╭─ EXTRACTED DATA
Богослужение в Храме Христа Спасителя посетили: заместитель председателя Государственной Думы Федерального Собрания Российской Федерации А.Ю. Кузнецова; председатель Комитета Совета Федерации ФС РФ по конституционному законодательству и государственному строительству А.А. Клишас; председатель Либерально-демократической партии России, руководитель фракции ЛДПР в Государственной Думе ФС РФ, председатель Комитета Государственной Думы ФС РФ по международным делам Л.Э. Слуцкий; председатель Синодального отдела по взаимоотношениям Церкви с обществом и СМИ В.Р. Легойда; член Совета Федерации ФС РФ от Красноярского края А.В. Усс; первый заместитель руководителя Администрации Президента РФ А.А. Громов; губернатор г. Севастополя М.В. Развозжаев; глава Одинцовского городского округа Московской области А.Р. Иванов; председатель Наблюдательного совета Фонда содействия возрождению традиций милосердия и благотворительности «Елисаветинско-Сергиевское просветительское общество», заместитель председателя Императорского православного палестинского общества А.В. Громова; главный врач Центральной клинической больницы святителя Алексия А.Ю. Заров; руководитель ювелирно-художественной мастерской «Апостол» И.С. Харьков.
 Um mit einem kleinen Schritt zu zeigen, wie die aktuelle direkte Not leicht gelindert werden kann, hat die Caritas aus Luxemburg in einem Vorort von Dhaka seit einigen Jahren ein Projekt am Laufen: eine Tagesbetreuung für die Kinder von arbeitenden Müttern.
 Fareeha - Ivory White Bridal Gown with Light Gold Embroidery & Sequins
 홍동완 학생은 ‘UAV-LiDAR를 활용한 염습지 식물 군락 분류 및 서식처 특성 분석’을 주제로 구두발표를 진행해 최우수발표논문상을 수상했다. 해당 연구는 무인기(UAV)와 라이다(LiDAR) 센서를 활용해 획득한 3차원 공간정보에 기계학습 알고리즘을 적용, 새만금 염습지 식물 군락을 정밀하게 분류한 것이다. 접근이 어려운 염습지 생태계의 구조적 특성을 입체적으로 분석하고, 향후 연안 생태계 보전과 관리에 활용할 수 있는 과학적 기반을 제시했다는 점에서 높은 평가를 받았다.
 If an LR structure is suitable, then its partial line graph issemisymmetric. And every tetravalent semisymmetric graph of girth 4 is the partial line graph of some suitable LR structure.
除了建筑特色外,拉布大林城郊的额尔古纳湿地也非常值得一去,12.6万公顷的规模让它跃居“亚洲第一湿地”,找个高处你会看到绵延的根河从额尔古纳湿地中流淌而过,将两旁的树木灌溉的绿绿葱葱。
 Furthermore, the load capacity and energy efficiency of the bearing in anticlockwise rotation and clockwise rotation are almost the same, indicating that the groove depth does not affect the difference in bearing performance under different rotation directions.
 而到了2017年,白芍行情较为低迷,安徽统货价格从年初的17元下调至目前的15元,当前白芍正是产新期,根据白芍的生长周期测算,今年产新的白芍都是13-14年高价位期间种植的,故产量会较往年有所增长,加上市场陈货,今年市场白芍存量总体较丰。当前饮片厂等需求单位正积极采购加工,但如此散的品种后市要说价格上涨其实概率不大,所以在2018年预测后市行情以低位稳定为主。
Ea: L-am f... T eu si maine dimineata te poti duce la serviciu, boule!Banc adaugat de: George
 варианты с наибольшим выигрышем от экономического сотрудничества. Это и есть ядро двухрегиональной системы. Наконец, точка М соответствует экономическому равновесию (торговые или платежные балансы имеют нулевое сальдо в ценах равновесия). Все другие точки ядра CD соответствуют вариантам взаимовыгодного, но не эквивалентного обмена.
╰─
Please repeat the records so that each one reads exactly as it does above.

Богослужение в Храме Христа Спасителя посетили: заместитель председателя Государственной Думы Федерального Собрания Российской Федерации А.Ю. Кузнецова; председатель Комитета Совета Федерации ФС РФ по конституционному законодательству и государственному строительству А.А. Клишас; председатель Либерально-демократической партии России, руководитель фракции ЛДПР в Государственной Думе ФС РФ, председатель Комитета Государственной Думы ФС РФ по международным делам Л.Э. Слуцкий; председатель Синодального отдела по взаимоотношениям Церкви с обществом и СМИ В.Р. Легойда; член Совета Федерации ФС РФ от Красноярского края А.В. Усс; первый заместитель руководителя Администрации Президента РФ А.А. Громов; губернатор г. Севастополя М.В. Развозжаев; глава Одинцовского городского округа Московской области А.Р. Иванов; председатель Наблюдательного совета Фонда содействия возрождению традиций милосердия и благотворительности «Елисаветинско-Сергиевское просветительское общество», заместитель председателя Императорского православного палестинского общества А.В. Громова; главный врач Центральной клинической больницы святителя Алексия А.Ю. Заров; руководитель ювелирно-художественной мастерской «Апостол» И.С. Харьков.
 Um mit einem kleinen Schritt zu zeigen, wie die aktuelle direkte Not leicht gelindert werden kann, hat die Caritas aus Luxemburg in einem Vorort von Dhaka seit einigen Jahren ein Projekt am Laufen: eine Tagesbetreuung für die Kinder von arbeitenden Müttern.
 Fareeha - Ivory White Bridal Gown with Light Gold Embroidery & Sequins
 홍동완 학생은 ‘UAV-LiDAR를 활용한 염습지 식물 군락 분류 및 서식처 특성 분석’을 주제로 구두발표를 진행해 최우수발표논문상을 수상했다. 해당 연구는 무인기(UAV)와 라이다(LiDAR) 센서를 활용해 획득한 3차원 공간정보에 기계학습 알고리즘을 적용, 새만금 염습지 식물 군락을 정밀하게 분류한 것이다. 접근이 어려운 염습지 생태계의 구조적 특성을 입체적으로 분석하고, 향후 연안 생태계 보전과 관리에 활용할 수 있는 과학적 기반을 제시했다는 점에서 높은 평가를 받았다.
 If an LR structure is suitable, then its partial line graph issemisymmetric. And every tetravalent semisymmetric graph of girth 4 is the partial line graph of some suitable LR structure.
除了建筑特色外,拉布大林城郊的额尔古纳湿地也非常值得一去,12.6万公顷的规模让它跃居“亚洲第一湿地”,找个高处你会看到绵延的根河从额尔古纳湿地中流淌而过,将两旁的树木灌溉的绿绿葱葱。
 Furthermore, the load capacity and energy efficiency of the bearing in anticlockwise rotation and clockwise rotation are almost the same, indicating that the groove depth does not affect the difference in bearing performance under different rotation directions.
 而到了2017年,白芍行情较为低迷,安徽统货价格从年初的17元下调至目前的15元,当前白芍正是产新期,根据白芍的生长周期测算,今年产新的白芍都是13-14年高价位期间种植的,故产量会较往年有所增长,加上市场陈货,今年市场白芍存量总体较丰。当前饮片厂等需求单位正积极采购加工,但如此散的品种后市要说价格上涨其实概率不大,所以在2018年预测后市行情以低位稳定为主。
Ea: L-am f... T eu si maine dimineata te poti duce la serviciu, boule!Banc adaugat de: George
 варианты с наибольшим выигрышем от экономического сотрудничества. Это и есть ядро двухрегиональной системы. Наконец, точка М соответствует экономическому равновесию (торговые или платежные балансы имеют нулевое сальдо в ценах равновесия). Все другие точки ядра CD соответствуют вариантам взаимовыгодного, но не эквивалентного обмена.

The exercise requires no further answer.